Queue configuration is in config/queue.ts:
import env from '#start/env'
import type { ConnectionOptions, DefaultJobOptions } from 'bullmq'
const queueConfig: QueueConfig = {
connection: {
host: env.get('QUEUE_REDIS_HOST'),
port: env.get('QUEUE_REDIS_PORT'),
password: env.get('QUEUE_REDIS_PASSWORD'),
},
// Queues the worker processes by default
queues: ['emails', 'user_deletions'],
defaultJobOptions: {
attempts: 3, // Total attempts before a job is marked failed
backoff: { type: 'exponential', delay: 1000 }, // Wait between retries
removeOnComplete: 100, // Keep last 100 completed jobs
removeOnFail: 100, // Keep last 100 failed jobs
},
worker: {
concurrency: 5, // Jobs processed in parallel per queue
stalledInterval: 30_000,
maxStalledCount: 1,
lockDuration: 30_000,
},
}
export default queueConfig
Environment variables:
QUEUE_REDIS_HOST=localhost
QUEUE_REDIS_PORT=6379
QUEUE_REDIS_PASSWORD=
To process jobs, start the worker with the queue:work ace command. A single worker process can handle all queues:
# Process all configured queues (from config/queue.ts)
node ace queue:work
Pass queue names as arguments to dedicate a process to specific queues:
# Only the emails queue
node ace queue:work emails
# Multiple queues in one process
node ace queue:work emails user_deletions
Override how many jobs are processed in parallel per queue with -c:
node ace queue:work emails -c 10
The worker logs every completed and failed job:
[ info ] [emails] SendMagicLinkEmailJob#556 completed
[ error ] [emails] SendVerificationEmailJob#557 failed (attempt 1/3): Row not found
Nuda Kit comes with two pre-configured queues:
| Queue | Purpose | Jobs |
|---|---|---|
emails | Email delivery | Verification, password reset, magic links, invitations |
user_deletions | Account cleanup | Delete user data, teams, and files |
Jobs are located in app/jobs/:
| Job | Queue | Description |
|---|---|---|
SendVerificationEmailJob | emails | Sends email verification link |
SendResetPasswordEmailJob | emails | Sends password reset email |
SendMagicLinkEmailJob | emails | Sends magic link for passwordless login |
SendInvitationEmailJob | emails | Sends team invitation email |
DeleteUserJob | user_deletions | Deletes user, owned teams, and uploaded files |
Jobs extend BaseJob, declare their queue in static options, and implement an execute method. The payload is available as this.payload:
import BaseJob from '#jobs/base_job'
import type { JobOptions } from '#jobs/base_job'
export interface SendVerificationEmailPayload {
userId: number
}
export default class SendVerificationEmailJob extends BaseJob<SendVerificationEmailPayload> {
static options: JobOptions = {
name: 'SendVerificationEmailJob', // Must match the class name
queue: 'emails', // Queue the job is dispatched to
}
// Main job logic
async execute(): Promise<void> {
const user = await User.findOrFail(this.payload.userId)
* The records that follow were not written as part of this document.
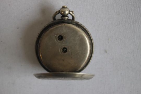 TWO LATE 19TH CENTURY WHITE METAL CASED FOB WATCHES, both with engraved cases.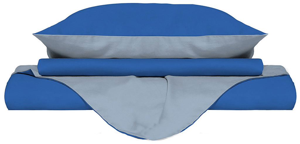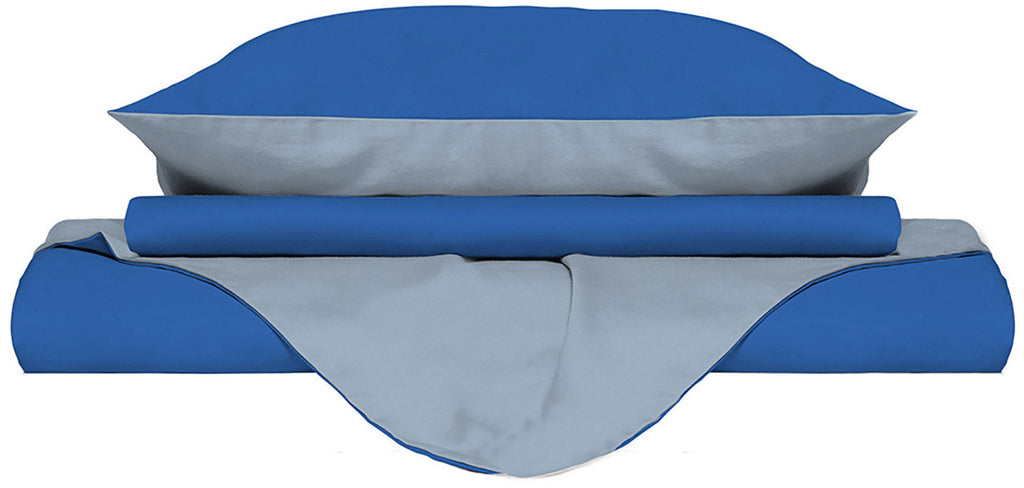 Bettbezug mit Tasche und doppelseitigen Kissenbezügen Royal/Blau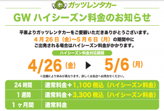 格安レンタカーのガッツレンタカー!GWや夏季、年末年始の営業情報や入庫車情報など、ガッツレンタカー 大阪池田店から皆様へのお知らせです。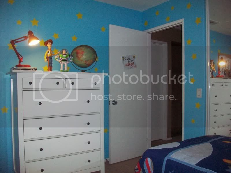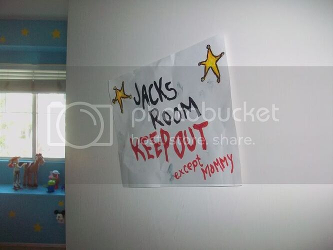 On Jack’s door is a replica of a sign that Andy has posted on HIS door in part one. I found a jpeg of the original sign and using Crayola markers and crayons, I traced over it, replacing Andy’s name with Jack’s and Molly’s name with “Mommy.”

await mail.send(new VerifyEmailNotification(user))
}
// Optional: called when all retries are exhausted
async failed(error: Error): Promise<void> {
// Log failure, notify admin, etc.
}
}
| Option | Default | Description |
|---|---|---|
name | — | Unique job name, used by the worker to find the handler |
queue | — | Queue the job is dispatched to |
maxRetries | from config (attempts: 3 total) | Retries after the first attempt |
timeout | none | Max execution time, e.g. '30s', '5m' |
removeOnComplete | from config | Completed jobs to keep |
removeOnFail | from config | Failed jobs to keep, or { age: '7d' } |
Call the static dispatch() method on the job class. The queue is taken from the job's options, so call sites stay clean:
import SendVerificationEmailJob from '#jobs/send_verification_email_job'
await SendVerificationEmailJob.dispatch({ userId: user.id })
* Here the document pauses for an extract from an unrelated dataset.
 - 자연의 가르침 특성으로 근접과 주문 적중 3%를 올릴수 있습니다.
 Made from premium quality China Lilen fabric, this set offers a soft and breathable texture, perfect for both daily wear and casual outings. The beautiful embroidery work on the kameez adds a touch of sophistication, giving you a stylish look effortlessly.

Chain .in() to delay processing:
// Process after 10 minutes
await SendReminderJob.dispatch({ userId: user.id }).in('10m')
// Or in milliseconds
await SendReminderJob.dispatch({ userId: user.id }).in(5000)
Create a new file in app/jobs/:
// app/jobs/send_welcome_email_job.ts
import BaseJob from '#jobs/base_job'
import type { JobOptions } from '#jobs/base_job'
import mail from '@adonisjs/mail/services/main'
import User from '#models/user'
import WelcomeEmail from '#mails/welcome_email'
export interface SendWelcomeEmailPayload {
userId: number
}
export default class SendWelcomeEmailJob extends BaseJob<SendWelcomeEmailPayload> {
static options: JobOptions = {
name: 'SendWelcomeEmailJob',
queue: 'emails',
}
async execute(): Promise<void> {
const user = await User.findOrFail(this.payload.userId)
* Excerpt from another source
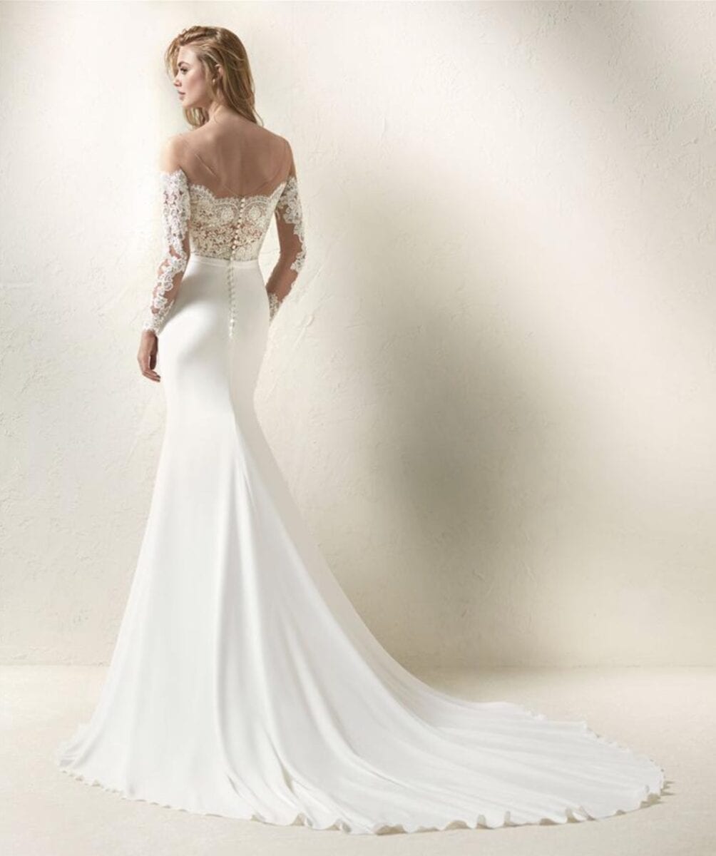 Sculpturale et infiniment raffinée, la robe de mariée Dracma de la marque Pronovias célèbre l’élégance d’une robe de mariage au charme intemporel. Sa forme sirène, près du corps et délicatement évasée en fin de jupe, sublime la silhouette avec une grâce naturelle. Le corsage en dentelle fine, orné d’un décolleté cœur subtilement illusion et de manches longues travaillées, évoque un romantisme chic et résolument tendance. Le dos élégant et la traîne fluide apportent une touche de noblesse à chaque pas. Disponible à Paris, cette création s’inscrit dans l’univers d’excellence de la maison O’Scarlett : plus de 300 robes soigneusement sélectionnées, un atelier de retouche sur mesure, des conseillères à l’écoute et des rendez-vous privilégiés avec stylistes, modélistes et couturières, véritables gardiennes d’un savoir-faire d’exception.

await mail.send(new WelcomeEmail(user))
}
async failed(error: Error): Promise<void> {
console.error(`Failed to send welcome email to user ${this.payload.userId}:`, error)
}
}
Add the job to the registry in app/jobs/index.ts so the worker can find it:
import SendWelcomeEmailJob from '#jobs/send_welcome_email_job'
const jobs = [
// ... existing jobs
SendWelcomeEmailJob,
] as const
No registered handler for job "...". Don't skip this step.import SendWelcomeEmailJob from '#jobs/send_welcome_email_job'
await SendWelcomeEmailJob.dispatch({ userId: user.id })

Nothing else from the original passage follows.